= Korangi Sector 33 =

Neighbourhood of Karachi, Pakistan

Korangi Sector 33 (کورنگی) is a neighbourhood in the Korangi District in eastern Karachi, Pakistan. It was previously part of Korangi Town, which was an administrative unit that was disbanded in 2011. The area is divided into six further townships: 33/A, 33/B, 33/C, 33/D, 33/E, and 33/F.

33/A, is the main and biggest area of Sector 33 it comprises the main Markets, Banks, Hospitals, Restaurants, Hotels, Electronic Market and other businesses and is the center business hub of Korangi.

The housing schemes of 33/B, 33/C, D, and F, comprising 60 and 80 square yard houses, were primarily allotted to working class strata of Karachi.

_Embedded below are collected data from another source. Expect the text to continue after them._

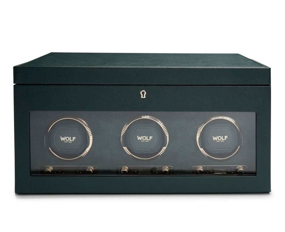 WOLF British Racing 3 klockor watch winder klockuppdragare 792341 har ett patenterat varvräkningssystem och en låsbar dynamisk manschett som "låser" klockan för att säkerställa att den sitter säkert på plats. Lågdensitetsskum är lämpligt för alla klockor utan att sätta press på armbandet. Din klocka återgår till sitt ursprungliga läge när rotationsprogrammet är klar. Denna klockuppdragare är för 3 klockor, och har extra rum för 1 extra klocka och en resväska för smycken.
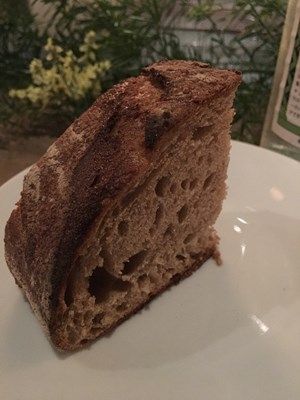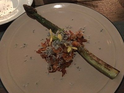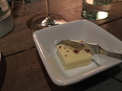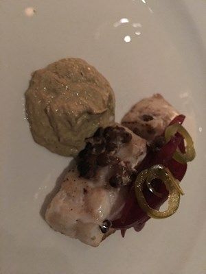 発酵させたレンズ豆を貼り付けて焼いた鱸、蕗の薹マヨネーズ、紫玉ねぎと青唐辛子のピクルス
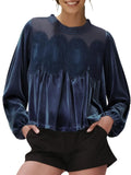 Women's Long Sleeve Velvet Trim Lace Blouse Elegant Flared Swing Top
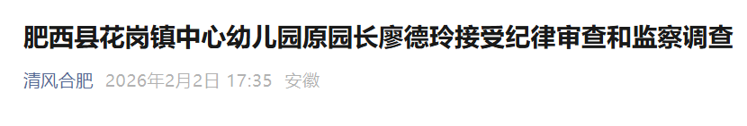 肥西县花岗镇中心幼儿园原园长廖德玲涉嫌严重违纪违法,目前正接受肥西县纪委监委纪律审查和监察调查。(肥西县纪委监委)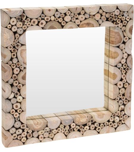 Home Styling - Miroir mural en bois, miroir mural carré - bois de teck, 50 x 50 cm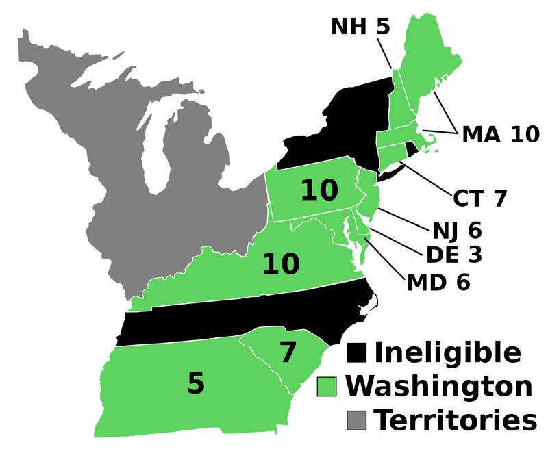 Ennek érdekében az Alkotmány létrehozott egy választási kollégiumot (az elektorokat) , ahol minden választó két szavazatot adhatott le két különböző jelöltre. Az egyes államok különböző módszerekkel választották meg az elektorokat, 5 államban az állami törvényhozás döntése nyomán, 6 államban pedig valamilyen választással.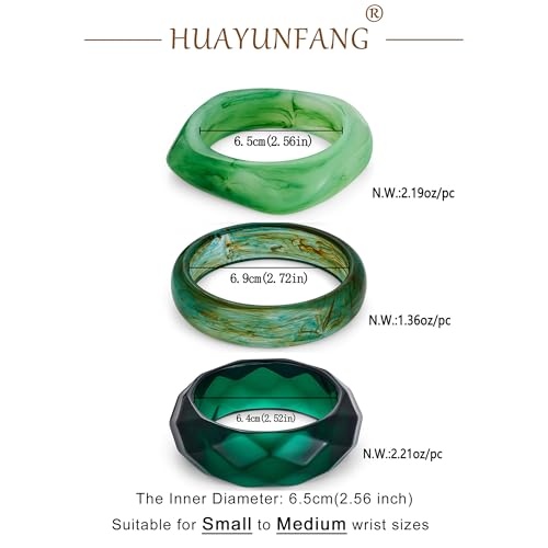 • Unique Acrylic Bangle: This stunning acrylic resin bangle bracelet set features three different green hues with geometric, round, and square shapes. Perfect for making a bold fashion statement, whether worn stacked or solo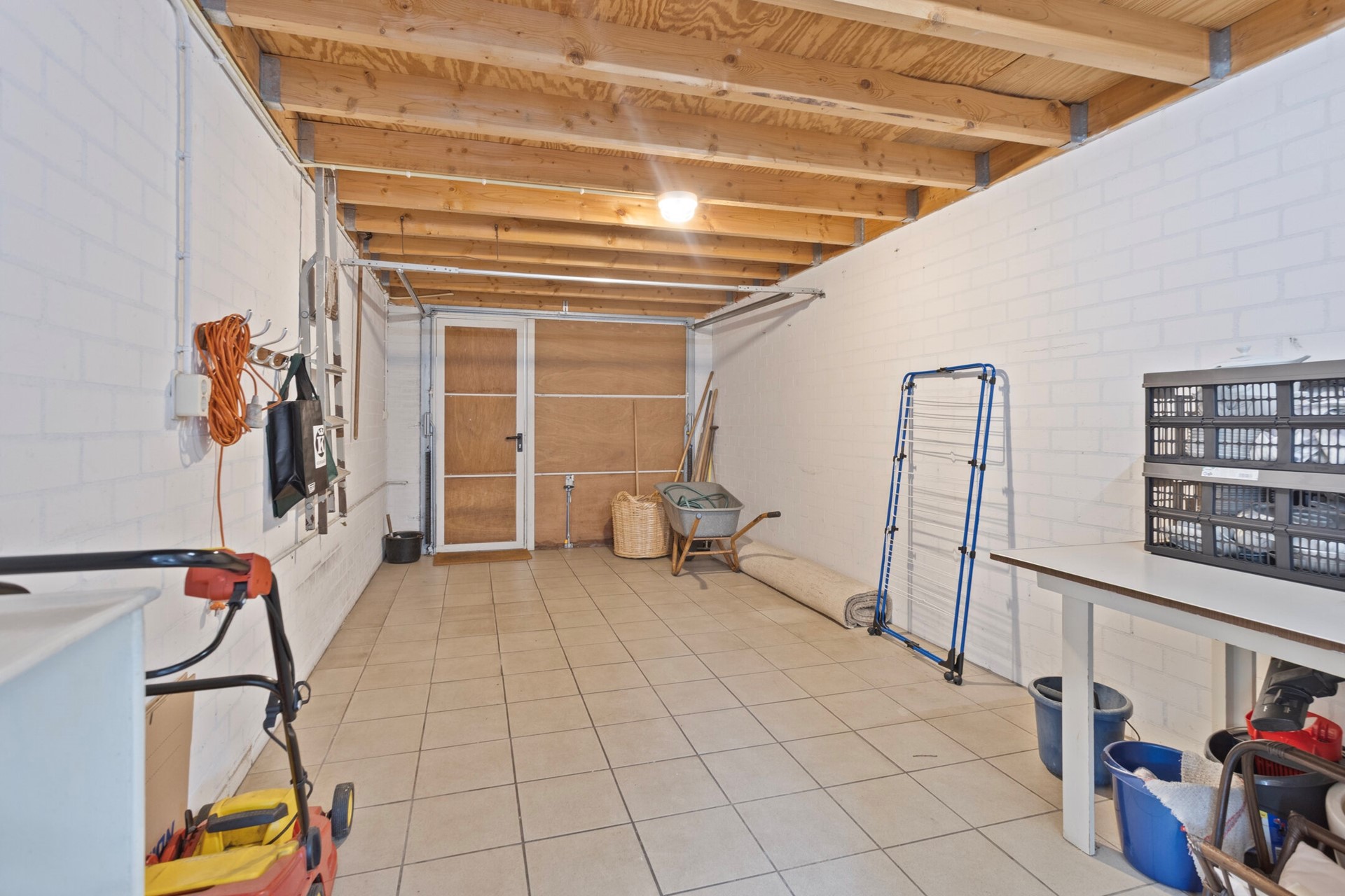 Aansluitend bevindt zich de bijkeuken, uitgerust met een extra keukenopstelling, de aansluitingen voor wasmachine en droger en een deur naar de tuin. Vanuit de bijkeuken is de garage binnendoor bereikbaar.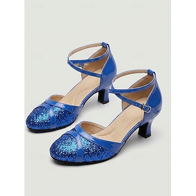 blaue und silberne Glitzer-Tanzschuhe mit überkreuzten Riemen – niedriger Absatzkomfort für Gesellschaftstanz und Bühnenbekleidung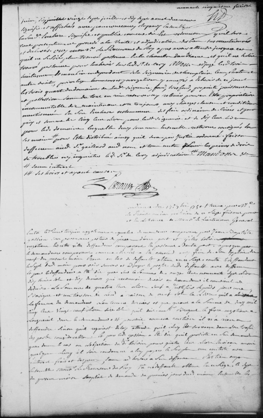 - Le titre complet de la pièce se lit comme suit : Requête du sieur Turpin, négociant à Québec, demandeur, comparant par Jean-Baptiste Gassien (Gatien), son procureur et porteur des pièces, contre Gilles Bolvin, négociant à Trois-Rivières, défendeur, pour sauver et adjuger le profit du défaut du 7 septembre; le défendeur répond que sur la somme de 1197 livres, 18 sols et 10 deniers qu¿il doit au demandeur, il doit être déduit le montant de 400 livres, à condition de justifier le poids pour une barrique et un tiers de son lard à 9 sols la livre, qu¿il a laissée à la femme du demandeur l¿automne dernier, et qu¿il doit la somme de 2529 livres et 16 sols au sieur Brequet (Briquet) Lefevre (Lefebvre), négociant à Longueuil, il requiert délai puisqu¿il est survenu des pertes considérables dans son trafic; le défendeur est condamné à payer au demandeur la somme de 2529 livres et 16 sols, aux intérêts de la somme depuis le 4 septembre 1749, et à la somme de 1197 livres, 18 sols et 10 deniers en déduisant la somme de 400 livres, aux intérêts de la somme et aux dépens liquidés à 6 livres et 16 sols.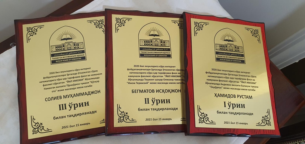 Бугун, 10 март куни Ўзбекистон мусулмонлари идорасида интернет кузатувчилари ўртасида ўтказилган “Йил танлови – 2020” ғолибларини тақдирлаш маросими бўлиб ўтди. Унда Ўзбекистон мусулмонлар идораси раиси ўринбосари Иброҳимжон Иномов, Диний идора масъул ходимлари, имом домлалар ва меҳмонлар қатнашди.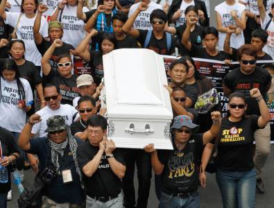 Journalists carry the coffin of slain reporter Rubie Garcia, while marching along a busy street of Manila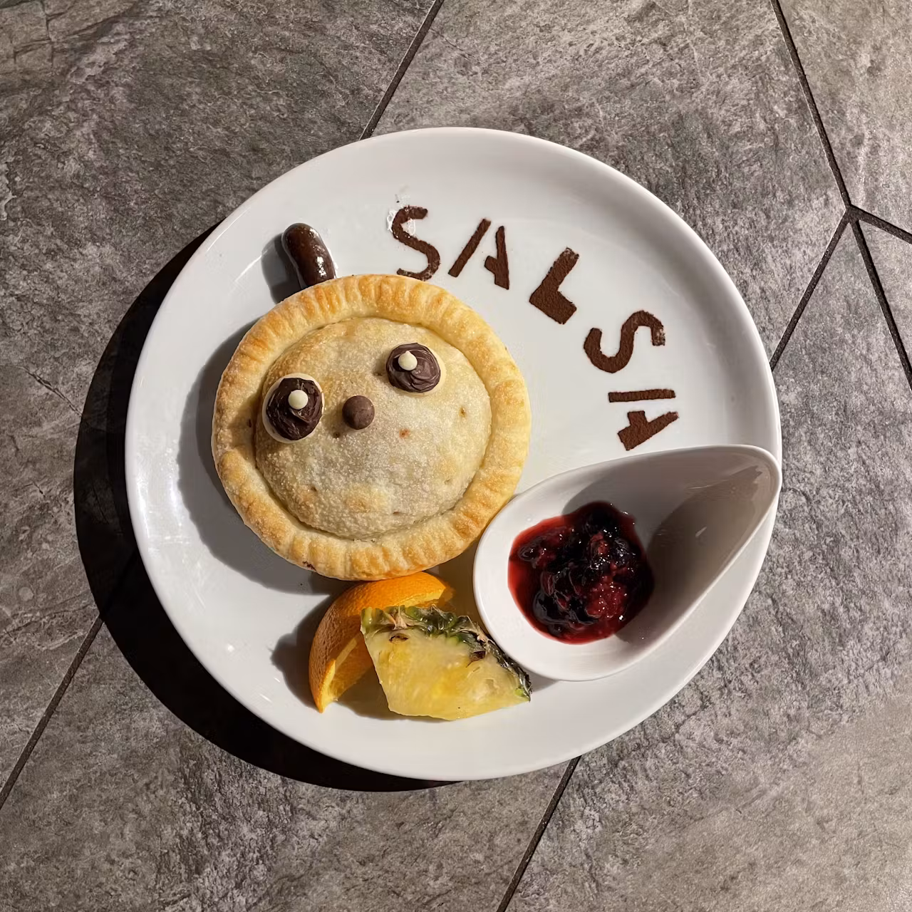 「ラ サルサ サウザン カリフォルニア レストラン」の人気メニュー「自家製アップルパイ」が『LOVOT』のかお型になって登場するほか、2名様以上でご利用できる、ラサルサ自慢の料理を堪能できる<さるさちゃんコース>も!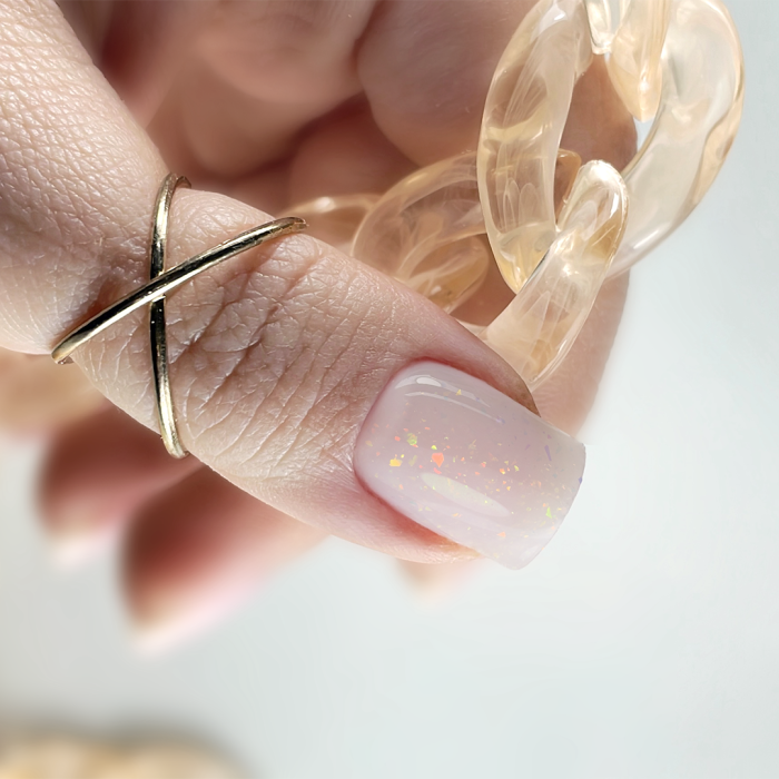 Fantastisk og subtil, meget lys og naturlig, mælkehvid nuance. Den blender perfekt med den naturlige negl ved neglebåndslinjen. Indeholder folieflager, der skinner i forskellige farver: akvamarin, guld, kobber, lilla, pink og lavendel. Fordi basen er mindre pigmenteret, er glansen helt sikkert stærkere. Produktet stivner naturlige negle kraftigt, det er perfekt til medium hårde og bløde, sprøde negle, der kræver styrke.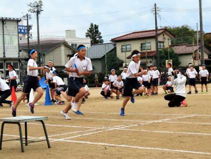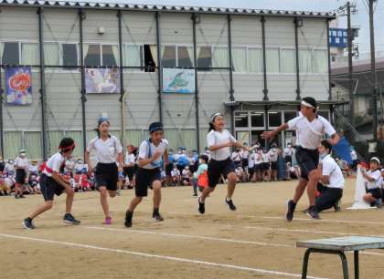 最後のF1リレー(6年生) 公開日 2020/10/09 更新日 2020/10/09 6年生 いつも運動会の最後を飾っているF1リレー。スポーツウィークでも最終種目でした。 これまで、自分たちの練習だけでなく、低学年にバトンパスを教えたり、がんばろうと励ましたりしていきた子どもたち。本番でも、ゴールする瞬間まで力を抜くことなく、精一杯走り切りました。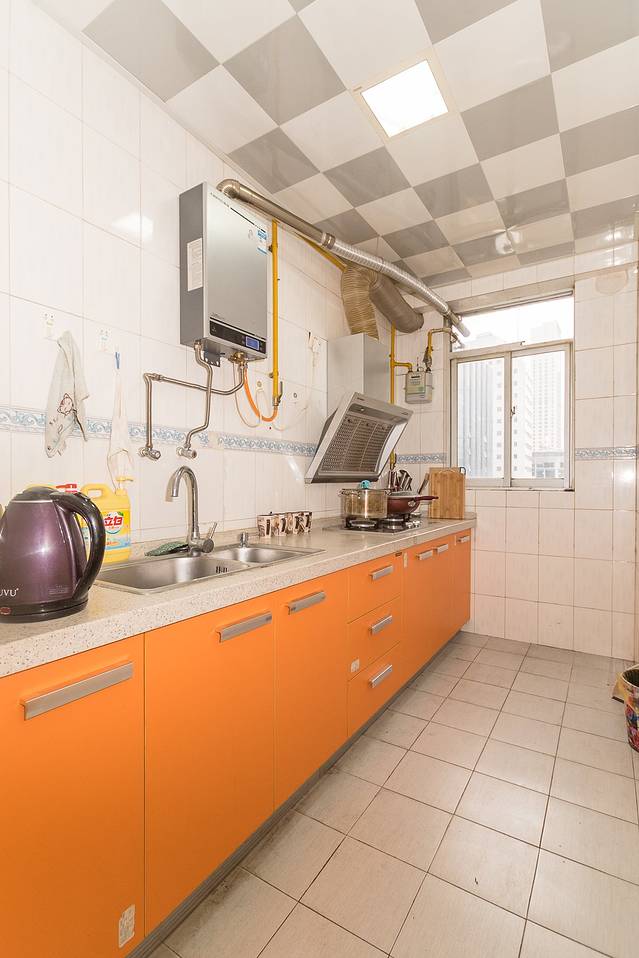 不但风格可爱,色彩亮丽,还有一间充满生活气息的厨房,里面锅碗瓢盆,碗筷调料十分齐全,想吃啥超市买来直接就可以下锅了。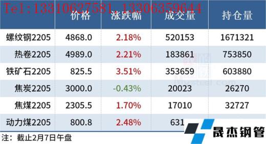 免責(zé)聲明:本網(wǎng)站(山東聊城晟杰無(wú)縫鋼管廠(chǎng)www.subnucleon.com)刊載的“2022年02月07日午報(bào):鋼價(jià)全線(xiàn)上漲,鐵礦石期貨漲逾3%”等均源于網(wǎng)絡(luò),版權(quán)歸原作者所有,且僅代表原作者觀點(diǎn),本文所載信息僅供參考。轉(zhuǎn)載僅為學(xué)習(xí)與交流之目的,如無(wú)意中侵犯您的合法權(quán)益,請(qǐng)及時(shí)聯(lián)系刪除。本網(wǎng)站刊登此篇文章并不意味著本站贊同其觀點(diǎn)或證實(shí)其內(nèi)容的真實(shí)性,我們不對(duì)其科學(xué)性、嚴(yán)肅性等作任何形式的保證。如果侵犯了您的版權(quán),請(qǐng)盡快聯(lián)系我們予以撤銷(xiāo),謝謝合作!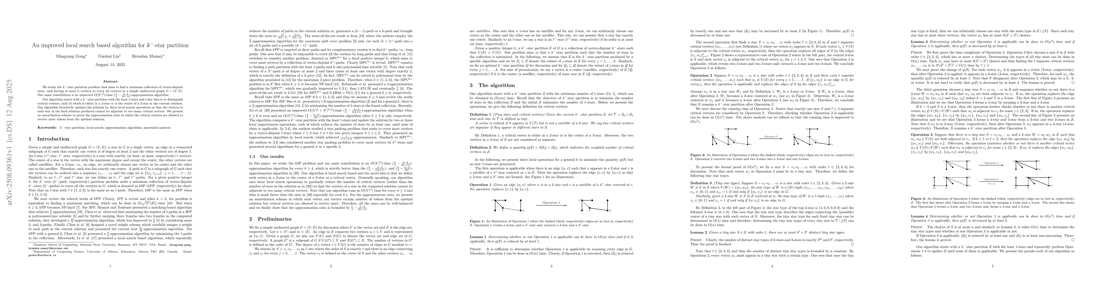 We study the $k^-$-star partition problem that aims to find a minimum collection of vertex-disjoint stars, each having at most $k$ vertices to cover all vertices in a simple undirected graph $G = (V, E)$. Our main contribution is an improved $O(|V|^3)$-time $(\frac k2 - \frac {k-2}{8k-14})$-approximation algorithm. Our algorithm starts with a $k^-$-star partition with the least $1$-stars and a key idea is to distinguish critical vertices, each of which is either in a $2$-star or is the center of a $3$-star in the current solution. Our algorithm iteratively updates the solution by three local search operations so that the vertices in each star in the final solution produced cannot be adjacent to too many critical vertices. We present an amortization scheme to prove the approximation ratio in which the critical vertices are allowed to receive more tokens from the optimal solution.
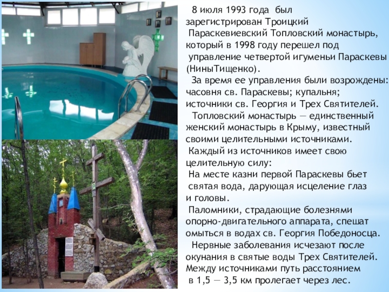 были возрождены: часовня св. Параскевы; купальня; источники св. Георгия и Трех Святителей.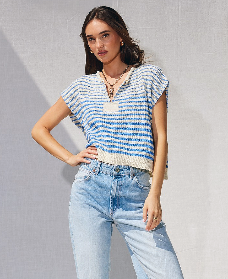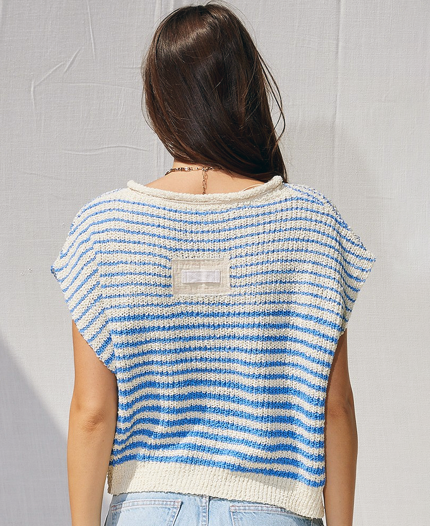 Auden Stripe Sleeveless Sweater – Ecru/Blue
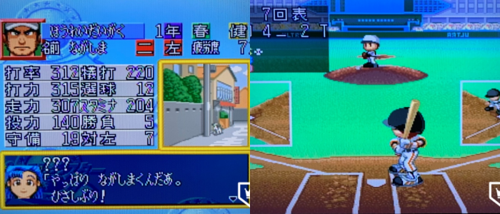 さっそくモードセレクトで「選手育成」を選んでプレイボールだ。令和の長嶋茂雄を作るべく、基本設定は右打ちの三塁手、好きなチームは巨人の「ながしま」で青雲中学入学へ。しかし、とにかく打球が飛ばない。この中学生の非力さも完全再現かと驚愕して説明書を確認すると、ノーマル操作はAボタンで通常スイング、Yボタンでフルスイングがあることが判明して以降はフルスイングを心がけ、長打力をつける筋トレとフリーバッテングを中心に練習メニューを組む。ただし、パワー系トレーニングばかりに励むと、守備力や走力の数値が比例して落ちる仕様なので、走攻守揃った5ツールプレイヤーの育成がかなり難しい。早い段階で打撃に全振りのスラッガー育成へと舵を切る。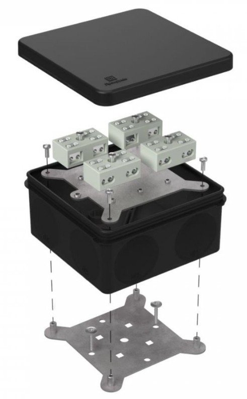 Коробка огнестойкая. Коробка огнестойкая двухкомпонентная разветвительная безгалогеновая (HF), стойкая к УФ; огнестойкость Е15-Е60; 8 мембранных каб.вводов под трубу D25 мм, керам.клеммник на 8 полюсов 6.0 мм²; парные клеммы для разветвления, IP66, t-раб.-45…+60°C; габ.размеры 100х100х50 мм, цвет черный (RAL 9005). Подходит для прямого монтажа (пистолетом)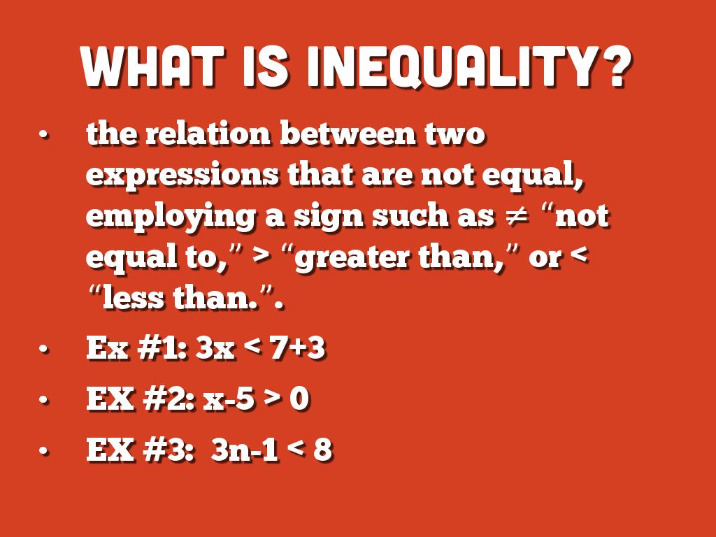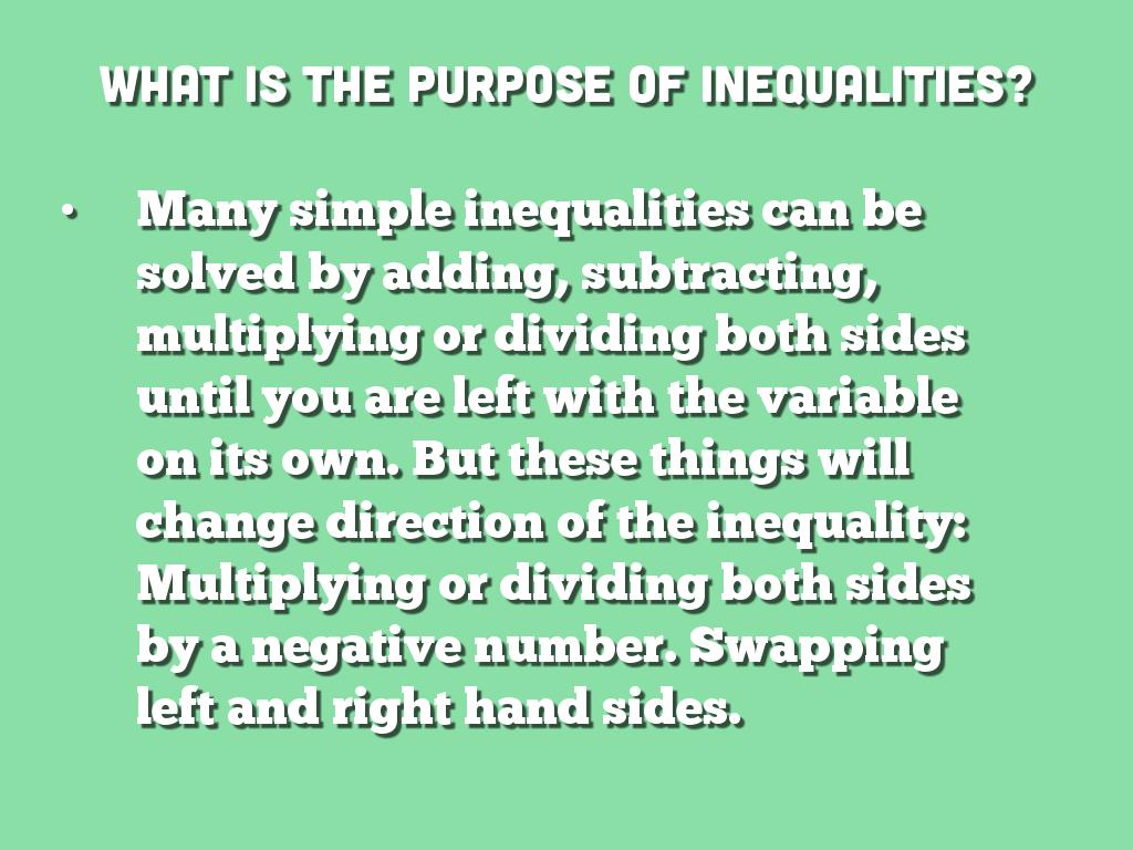 Many simple inequalities can be solved by adding, subtracting, multiplying or dividing both sides until you are left with the variable on its own. But these things will change direction of the inequality: Multiplying or dividing both sides by a negative number. Swapping left and right hand sides.

However, 33/E was allotted to Pakistan Navy's employees. 33/A and 33/E are the only scheme in Sector 33 which has 120 square yards for each house. Second, the lanes and streets of 33/A and 33/E are wider properly laid plains which attracted upper-middle and middle-class people from the neighboring areas.

==Neighbourhoods==
- Sector A, Sector B, Sector C, C Area, O Area, and Q Area P Area

==Demographics==
Majority of people living in this area are Urdu-speaking Muhajirs.